Azure CLI 2.0 - Azure Container Service for Docker Swarm w/ Dockerized SSH Tunnel (Part 2)

In my previous post I wrote on automating a Docker Swarm cluster deployment to Azure Container Service through the use of a deployment script. Today’s post will focus on the second part of the ACS Swarm GitHub Repo I previously referenced.

This is part 2 of a 3 series post discussing how to use each piece of the repository. This post will focus on dockerizing an ssh tunnel to our previously deployed ACS Docker Swarm Cluster. The main pieces to be discussed are the script and the Dockerfile both located in the sshtunnel folder.

To be honest, this code is really helpful in CI/CD scenarios where you you need to run IaC and test automation for web apps via Docker containers in ACS and you need an SSH tunnel.

It should be noted that this dockerized ssh tunnel can be scaled for any ssh instance, not just Docker Swarm through ACS.

Now, let’s talk about use case. The reality is the method we will dive into here isn’t one the every day person would probably use. You might find this post helpful in the following scenarios:

– you don’t want to open an ssh tunnel on your local client machine or you’re unable to do so
– you want to keep the private key baked into the image/container
– you foresee needing to move the container around with an open tunnel to your ACS cluster
– you want to share the container/image in a private hub/registry with other members of your dev/ops team without having to configure the environment constantly (I.E. copying private key, opening the tunnel, setting local environment variables, etc.)
– you have some other reason for dockerizing an SSH tunnel

This post will dive into not only how to create the ssh tunnel in code, but also how to save it in an image/container, which really creates the local endpoint, too.
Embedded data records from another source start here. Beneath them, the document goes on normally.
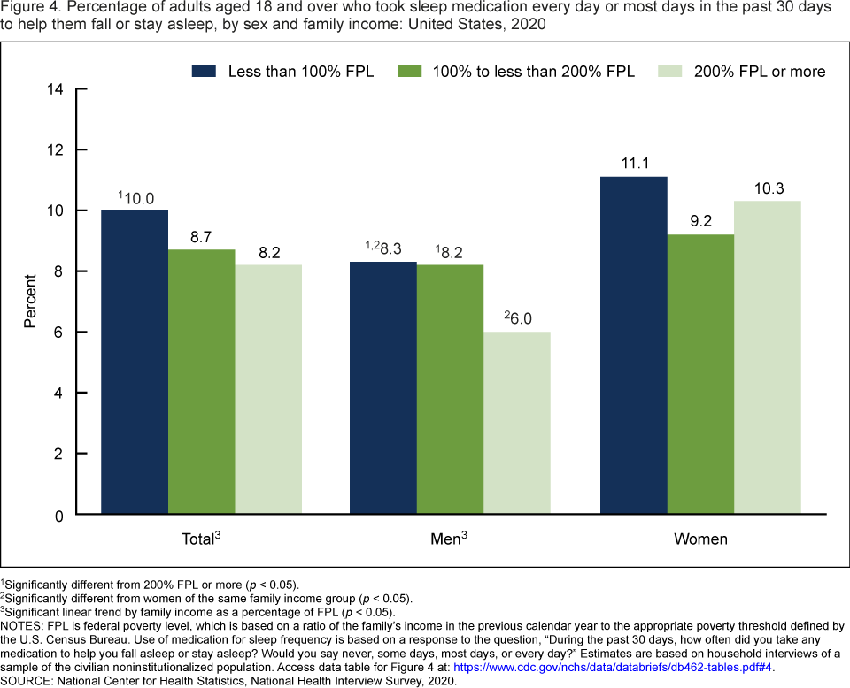 - Among men, those with family income of 200% of FPL or more (6.0%) were less likely to take sleep medication than those with family income less than 100% of FPL (8.3%) and 100% to less than 200% of FPL (8.2%).
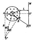 4、计算题 圆心为O、半径为r的圆形区域中有一个磁感应强度为B、方向垂直于纸面向里的匀强磁场,与区域边缘的最短距离为L的
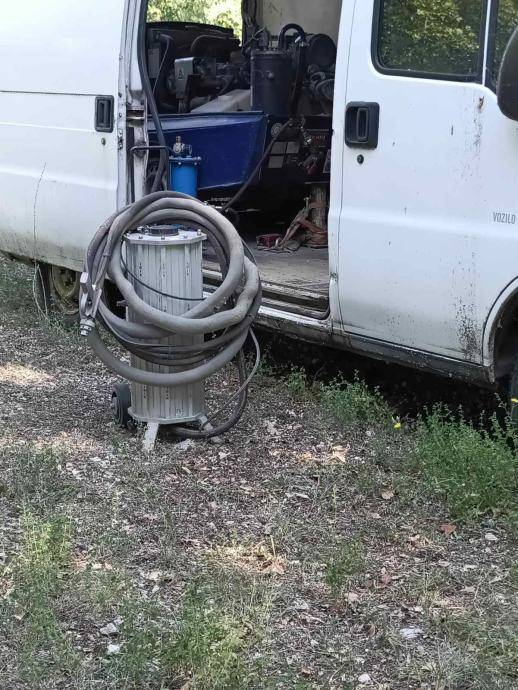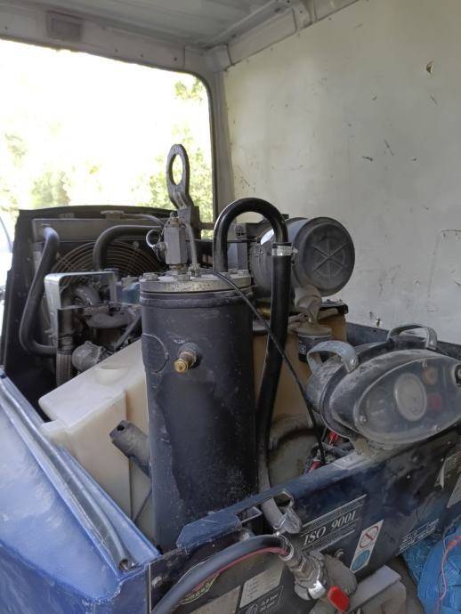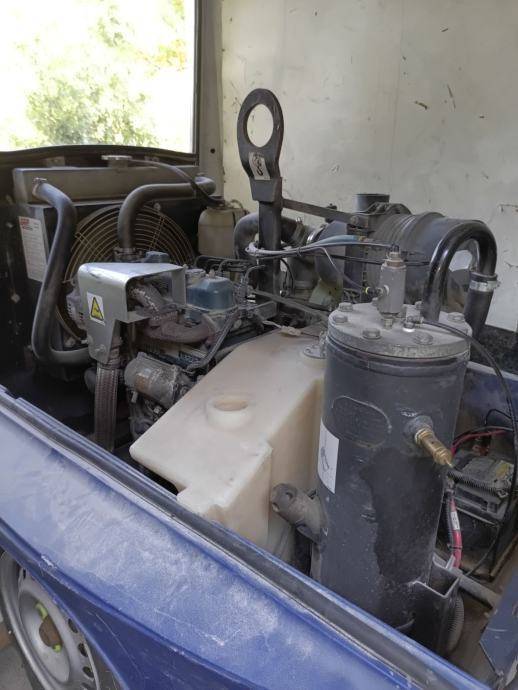 Kompresor ima haubu i rudu, koji su demontirani jer se kompresor nalazi u kombiju.
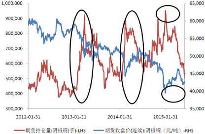 图9 沪铜期货持仓量与价格走势关系
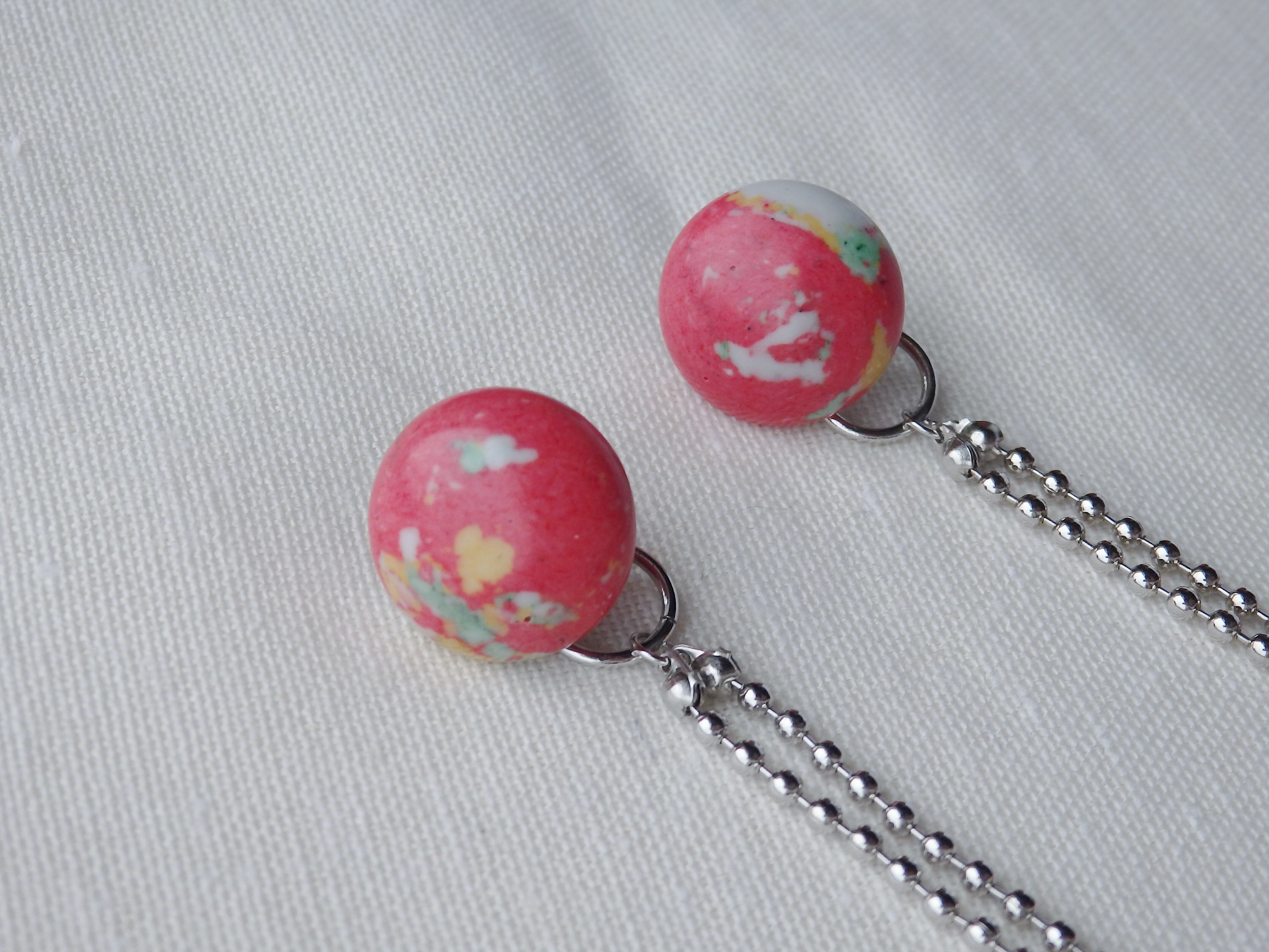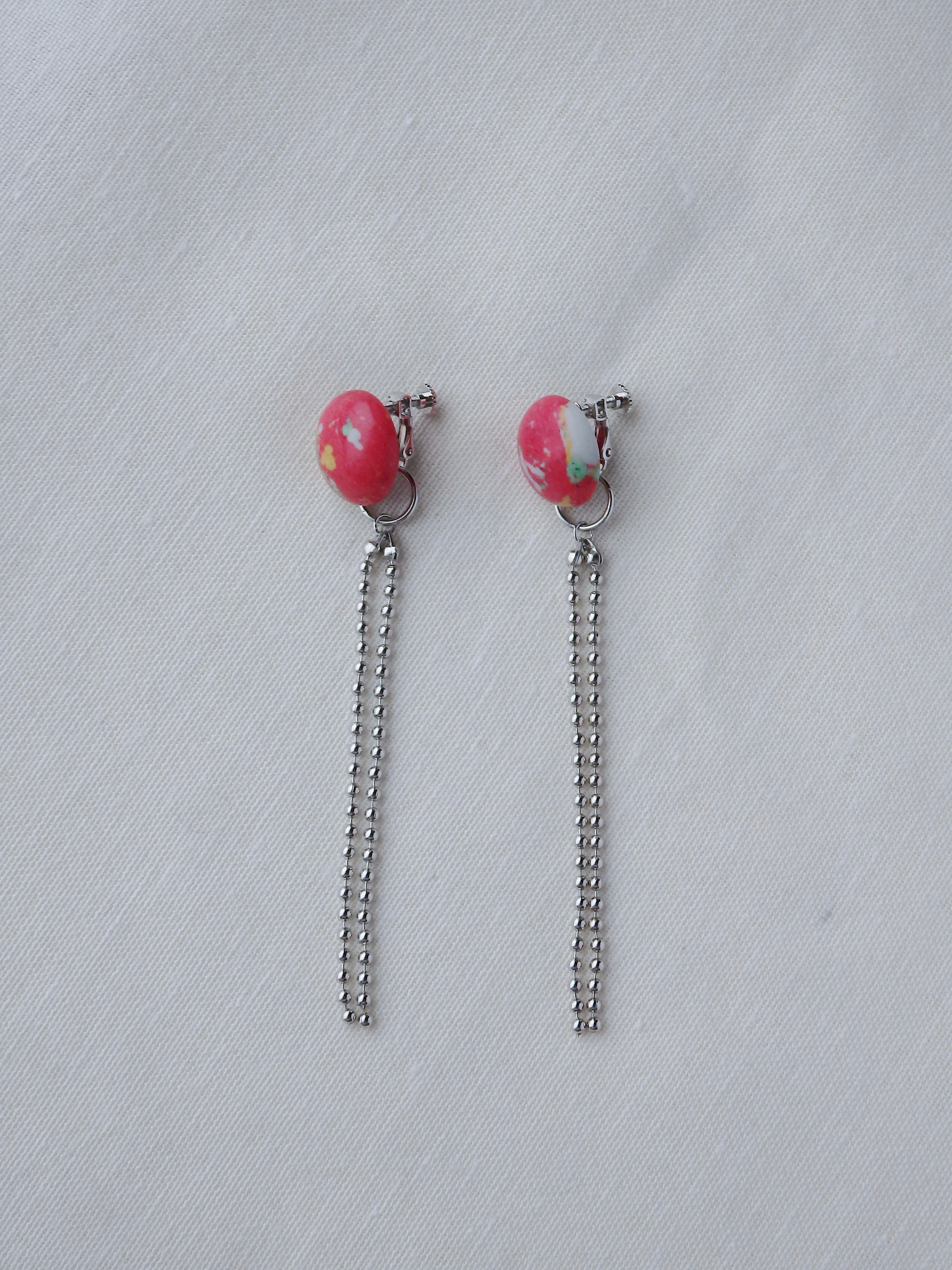 赤ベースに、緑や黄色がマーブルに入った個性的なvintageパーツが印象的なイヤリングです。

Remember, we created our remote endpoint (ACS Docker Swarm Cluster) in our previous post.

Let’s start with the Dockerfile:

FROM jldeen/alpine-docker 

# Copy private key - update path accordingly for location of private key 
COPY id_rsa /root/.ssh/id_rsa 

# Turn SSH on and add private key to identities 
RUN eval `ssh-agent -s` && /usr/bin/ssh-add /root/.ssh/id_rsa 

# Azure ENV for Azure Login ENV spn=[insert-content-here] 
ENV tenant=[insert-content-here] 

# Set DOCKER_HOST Env Variable 

# Set ACS Tunnel Variables 
ENV Servicename=[insert-content-here] 
ENV Resource=[insert-content-here] 
ENV local_port=2375 
ENV remote_port=2375 

# Confirm env var set properly - testing only 
RUN echo $DOCKER_HOST # Expose port for container EXPOSE 2375 

# Copy SSH Tunnel Script and make executable 
COPY sshtunnel/ /usr/local/bin/ 
RUN chmod +x /usr/local/bin/ 

# Open SSH tunnel 
ENTRYPOINT ["/usr/local/bin/"] 
CMD ["sh"]

First, remember to modify the Dockerfile to your environment. As such, you will have to define the Servicename and Resource [group] with the same names you defined for the ACS deployment. You will also have to enter the SPN and Tenant variables. For your convenience, if you ran the script I wrote to create an SPN, you should have an azure.env file you can reference. You can also always grab the necessary information from your bashrc profile, too. DO NOT put your password as an ENV variable in the Dockerfile – this is not secure. The script will prompt your for your password upon ENTRYPOINT.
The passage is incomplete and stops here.